28 Ekim 2013 Pazartesi

Olmayalı * Oruç Aruoba

     Merhabalar sayın izleyiciler and the strangers or the others. (Bu şekilde diğerlerini de saydım çünkü, blog anahtar kelimelerimde "orospu foto blogsports" yazdığını gördü bu gözler bugün! Adam Google'da orospu fotosu araştırıp hem de blogspoRts! olarak benim bloguma ulaşmış.  Her türlü kesime mi hitap ediyorum acaba? :)

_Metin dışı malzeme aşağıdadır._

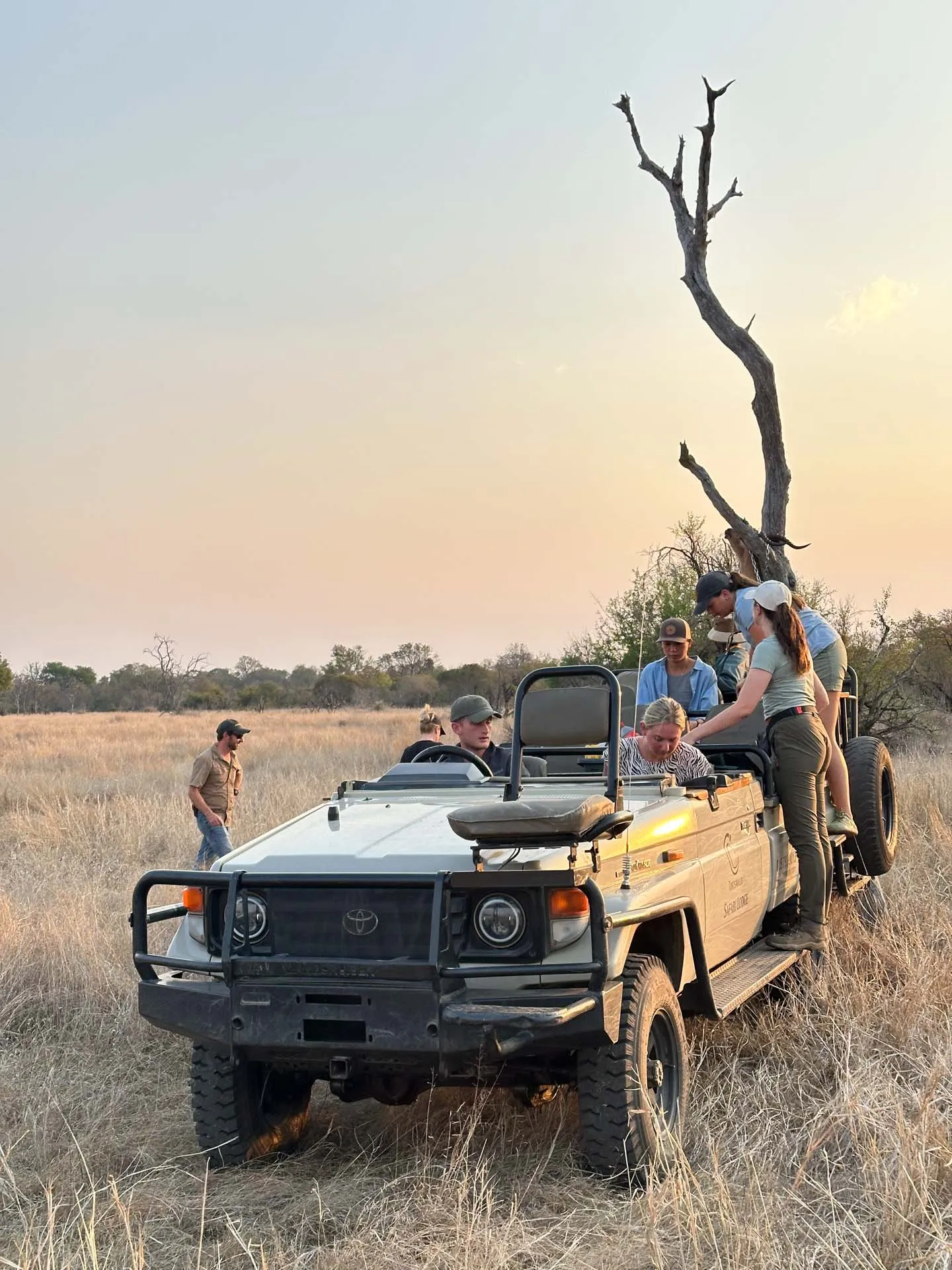 The team comprised a game reserve guide, reserve rangers, and a veterinary crew, each contributing their expertise. As the team gathered to discuss the evening’s objectives, the collaboration and precision in planning were evident. The guide skillfully navigated us to a strategic spot within the hyena clan’s territory, maintaining constant communication with other individuals throughout the reserve to ensure other predators were not approaching our operational area. Meanwhile, the rangers sourced the callup bait and kept a vigilant watch throughout the evening to ensure everyone's safety.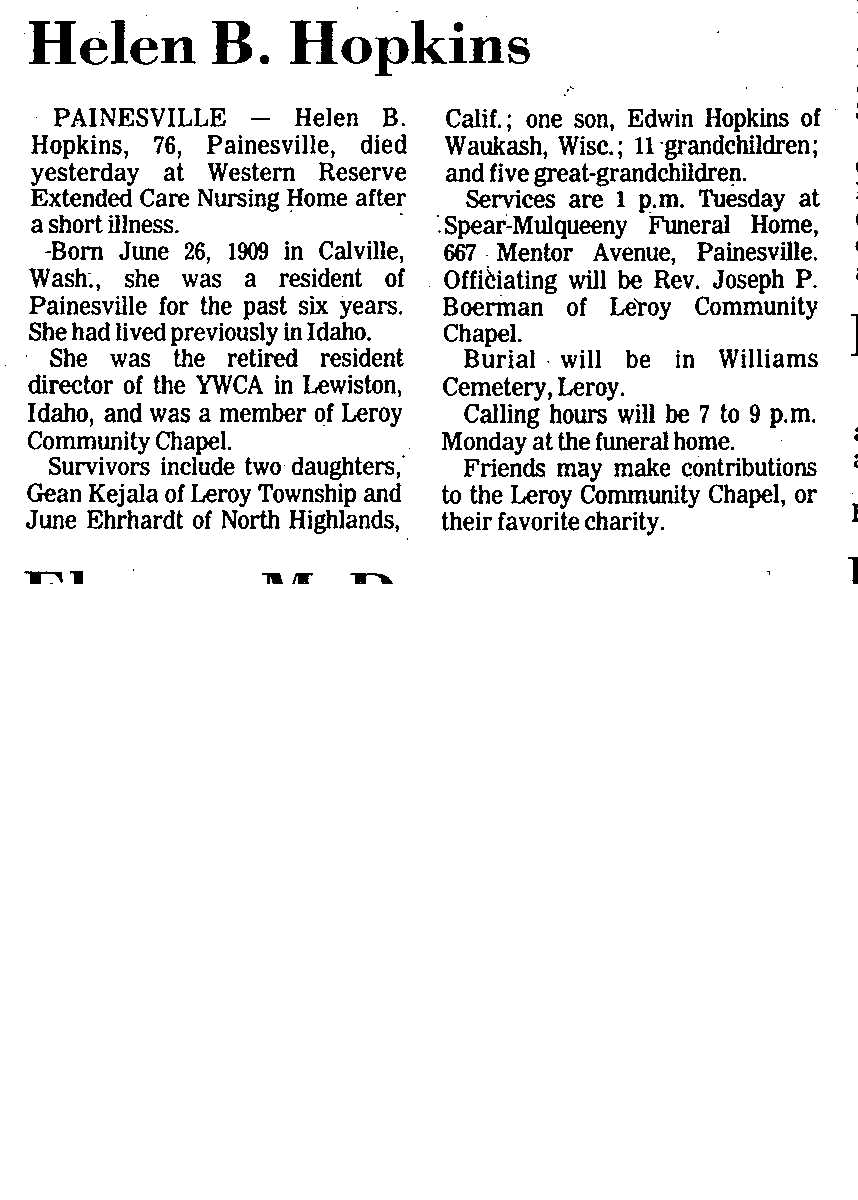 Hopkins, Helen Obituary, Hopkins, Helen Obituary (Telegraph 11/10/1985)

     Bugün Oruç Aruoba'nın Olmayalı isimli kitabını okudum. Daha önceden yazarın Oruç Aruoba - İle isimli kitabını okumuştum. İki kitabı karşılaştıracak olursam İle kitabı çok daha iyi, lakin Oruç okumaya devam edeceğim, tarzını seviyorum. Gelelim kitapta altını çizdiğim yerlere.


     Ne kadar oldu
     Olmayalı?



     
Güneş bilmiyordu evi neresi,
     ay bilmiyordu nasıl bir gücü var,
     yıldızlar bilmiyordu yerleri nerede.
         
          Edda (Snorri Sturluson) (J.I. Young, 1966)



     Hiçbirşey o zaman, ölmüyor mu hiç içimizde?
     Hiçbirşey ölemez mi, biz yaşadığımız sürece?

          Nikos Kazantzakis, The Fratricides (A.G. Dallas, 1967)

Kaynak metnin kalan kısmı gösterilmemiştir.